The actors are rather standard, not quite hammy enough to be funny or wooden enough to be boring, but the lead weights are the two ‘human’ child actors, Victor Stiles and Donna Conforti. Their inflexions have all the emotion of the Martian’s machines, and they often look bored or confused during scenes that are meant to be about fear or joy. John Call is only one of two cast members who seems to fully get into his role as everyone’s favourite yuletide fat man, exhibiting a great warmth and cheek as well worldly patience. The other is future Tony and Emmy winner Bill McCutcheon as bumbling Stooge-Martian Dropo, who imbues a thankless slapstick role with as much energy as possible. He’s lightning compared to the bricks that are the kids.
The only other notable feature is the music by Milto DeLugg. Not his actual score, which is very repetitious and droning, but his somewhat catchy opening song about Santa. It’s a little cheap but undeniable cheery and you’ll be damned if it’s not stuck in your head long after the film is over.

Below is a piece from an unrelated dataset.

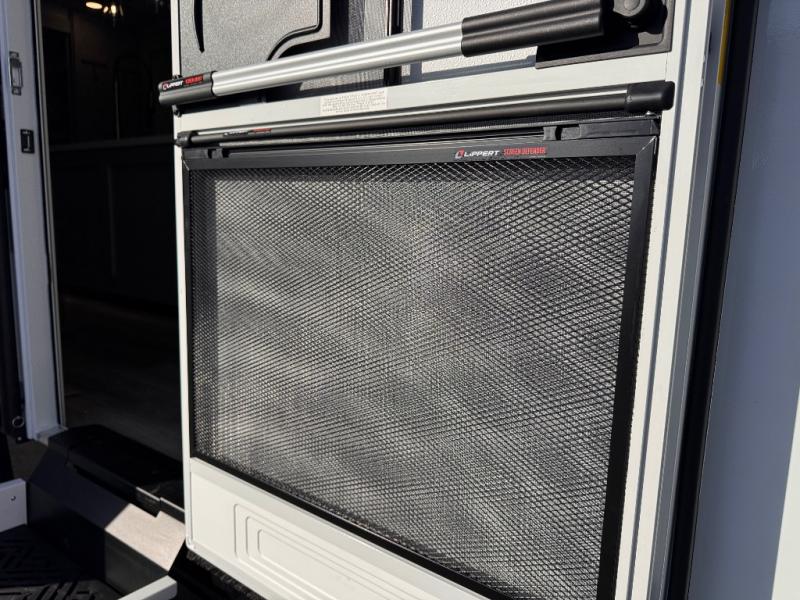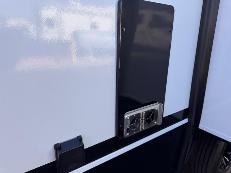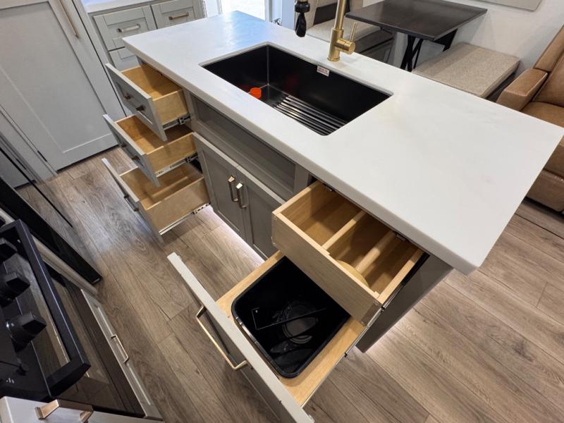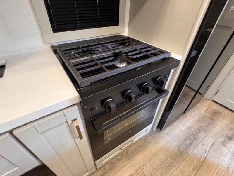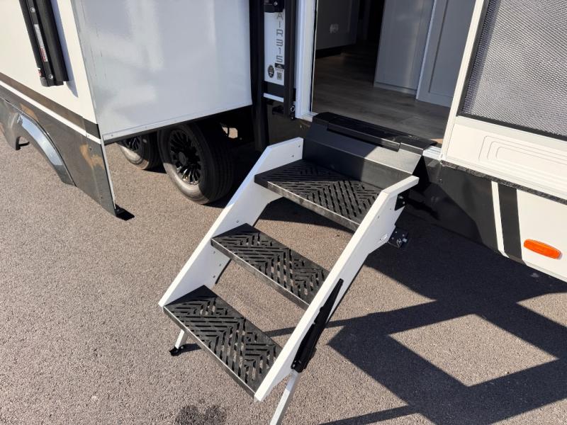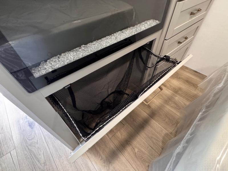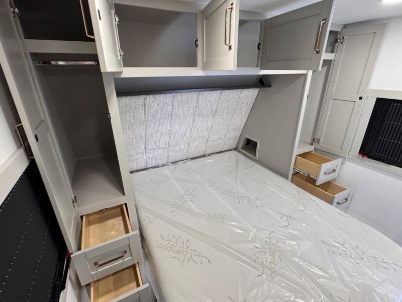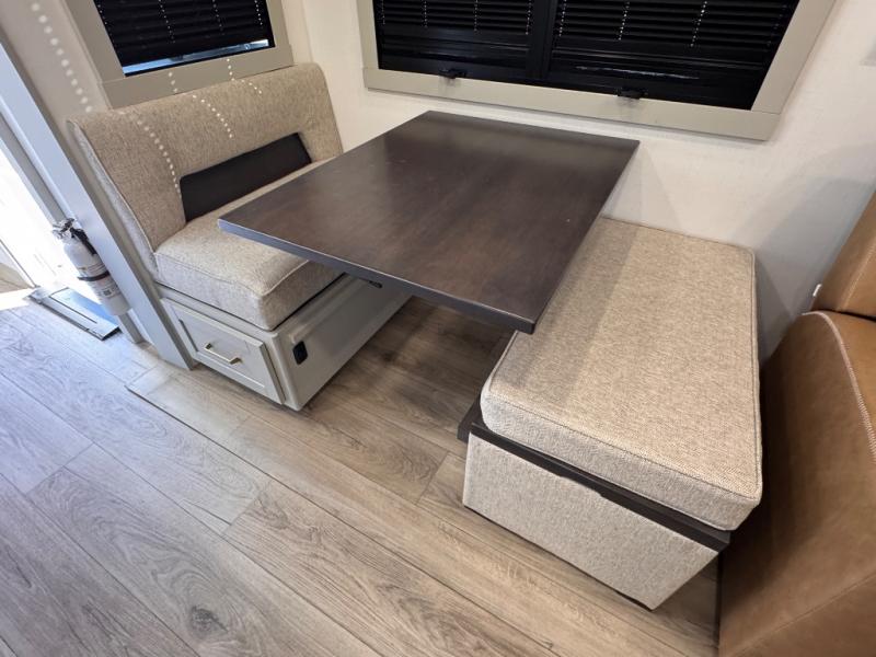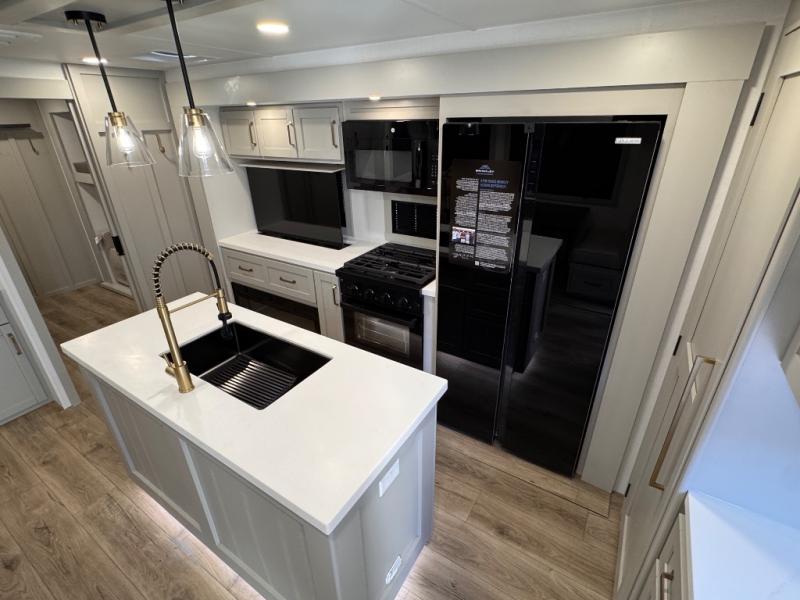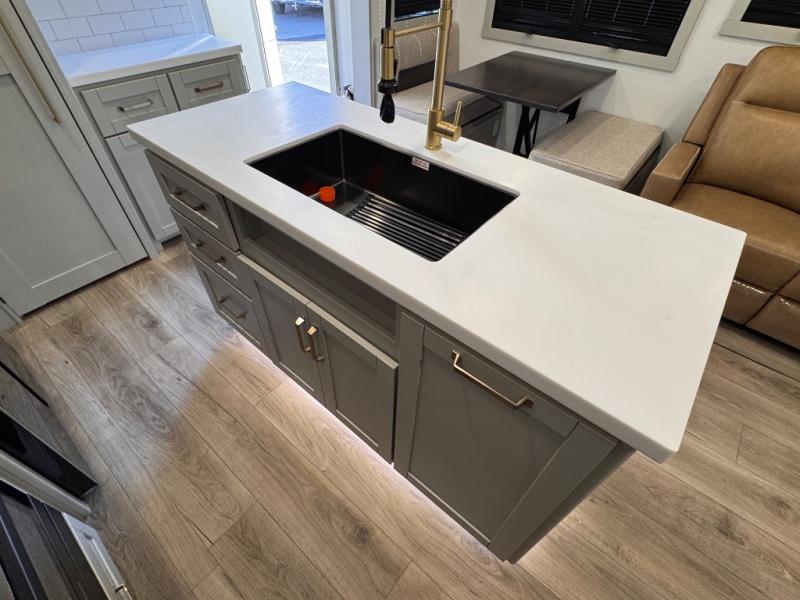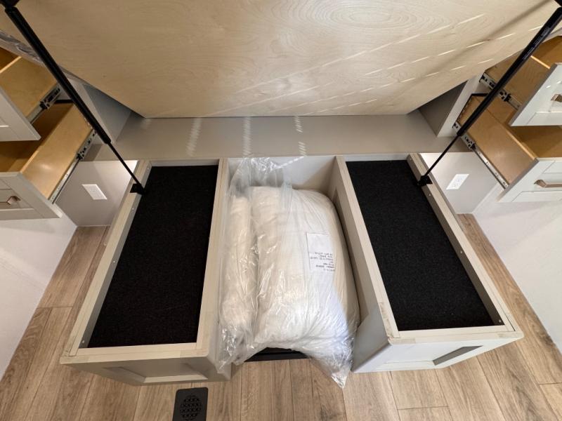 The whole gang will love camping in this spacious travel trailer for six to seven! Your guests or little ones will have the rear bunkhouse all to themselves, which includes a tri-fold sofa with a reclining back, a flip-up bunk, plus a second bunk bed across the room for even more sleeping space. There is even a bunkroom 42" Smart TV with a wardrobe for entertainment and storage! The front private bedroom includes a walk-around queen bed with four under-bed drawers for clothes, extra blankets and more. Head to the combined kitchen and living room to prep dinner on the kitchen island, relax on the theater seating, and dine at the sleeper dinette. There is also a pantry with adjustable shelves here, along with a hutch, 16 cu. ft. refrigerator that opens with the slide out, plus a televator and fireplace to make your space feel more like home! Outside, you'll find two power awnings, LED ground lighting, drop-frame pass-thru storage, and an outdoor kitchen with a refrigerator, sink, and storage!
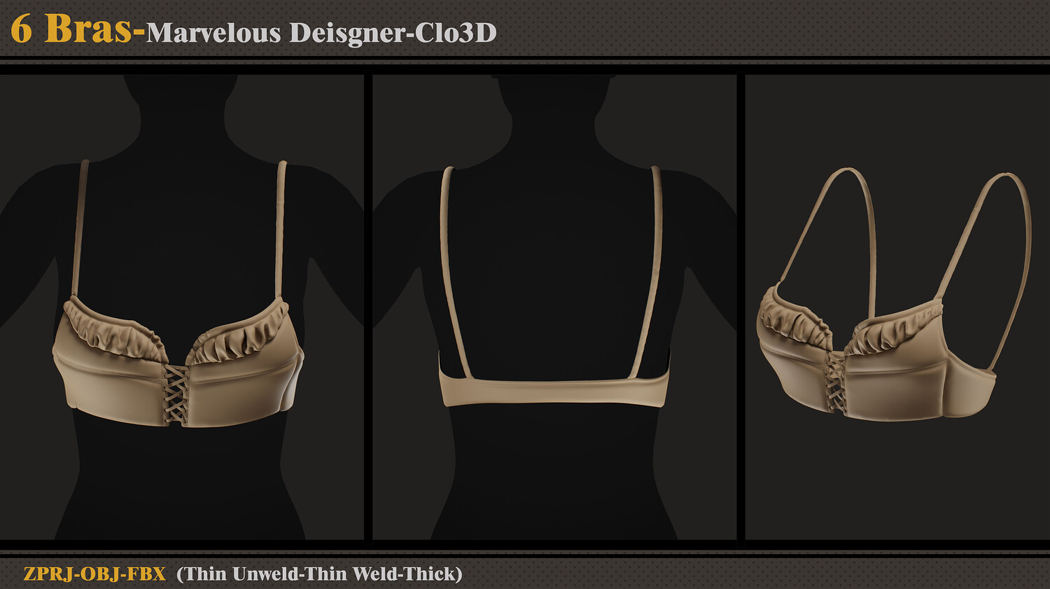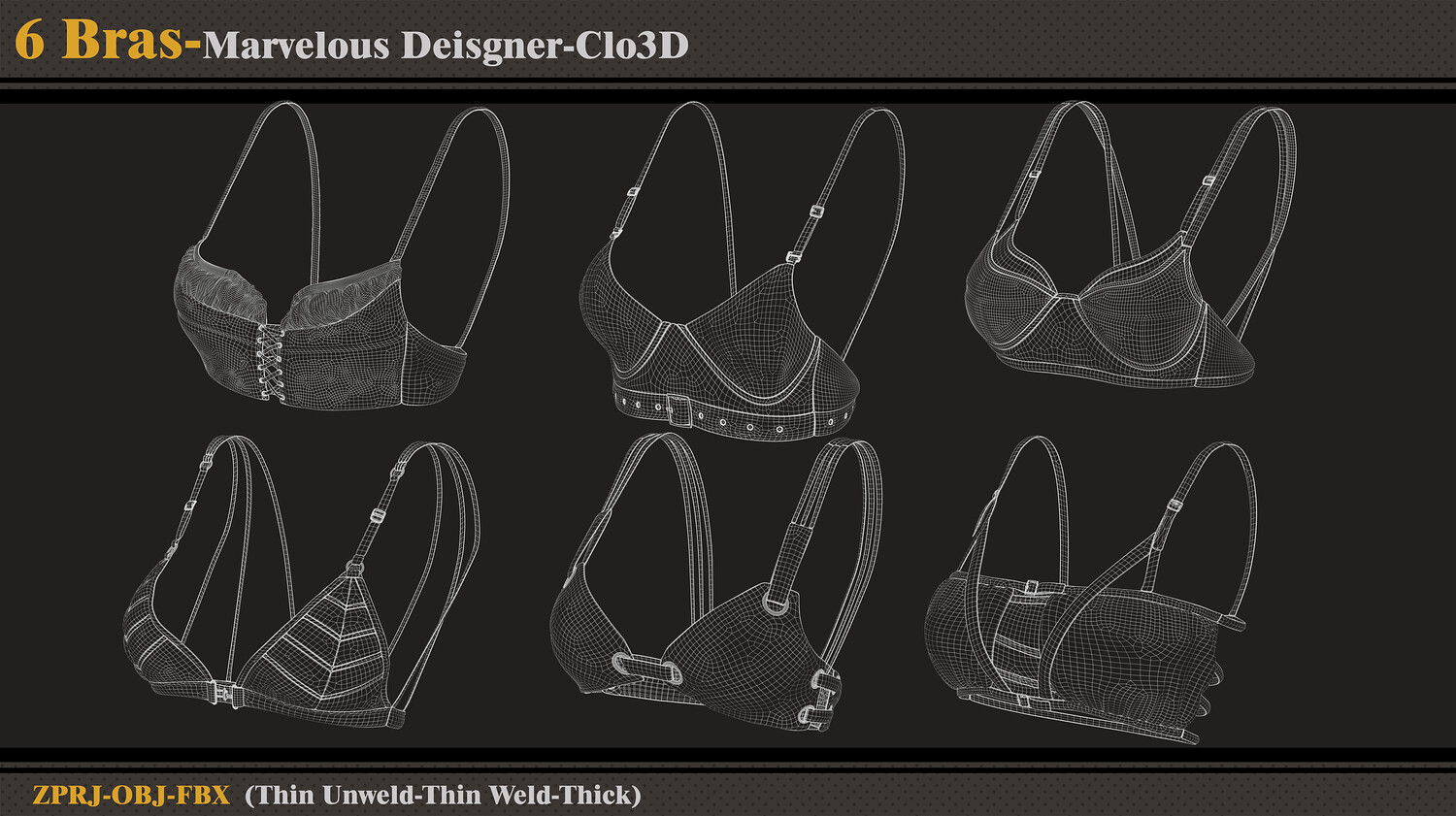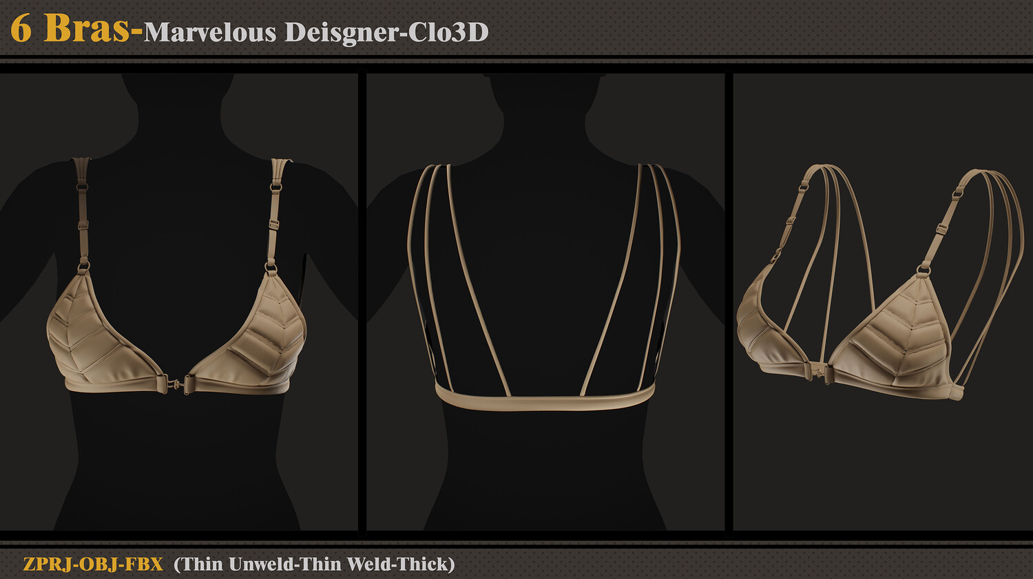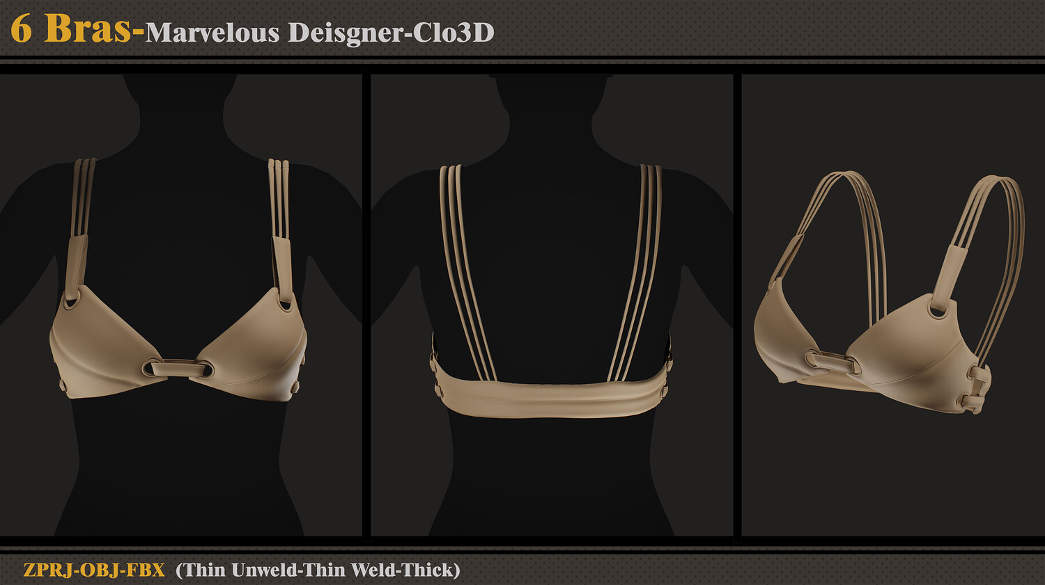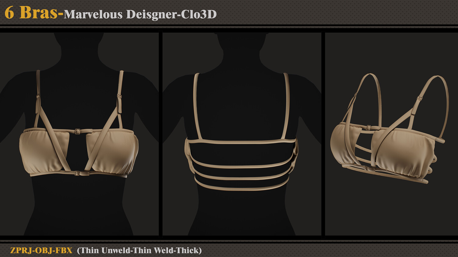 Hello ;) This product contains 6 Bras. Including 6 Files. In each file, there are: - Marvelous Designer or Clo3D (ZPRJ) -A Pose - FBX and OBJ ( Thick and Thin Unweld and Thin Weld) - Normal Map Attention - no retopology - Quad Mesh and Unwrapped-clean UV (in CLO3D) - Avatar - DazStudio Genesis 8 female Hope you download and like. If you have any questions or problems, just tell me here. Please rate and review this product, and I appreciate that :)

Indeed, I feel that summarises Santa Claus Conquers the Martians. It’s a tacky production that had its heart in the right place. It didn’t have the right people to pull it off effectively, but it shows moments of effort amidst all its weirdness, and that back and forth between some ambition, more than a project like this deserves, and then the regular B-movie clumsiness is very much worth seeing. If you’re tired of Miracle on 34th Street or It’s A Wonderful Life, take a trip to Mars and yell ‘Hooray for Santy Claus!’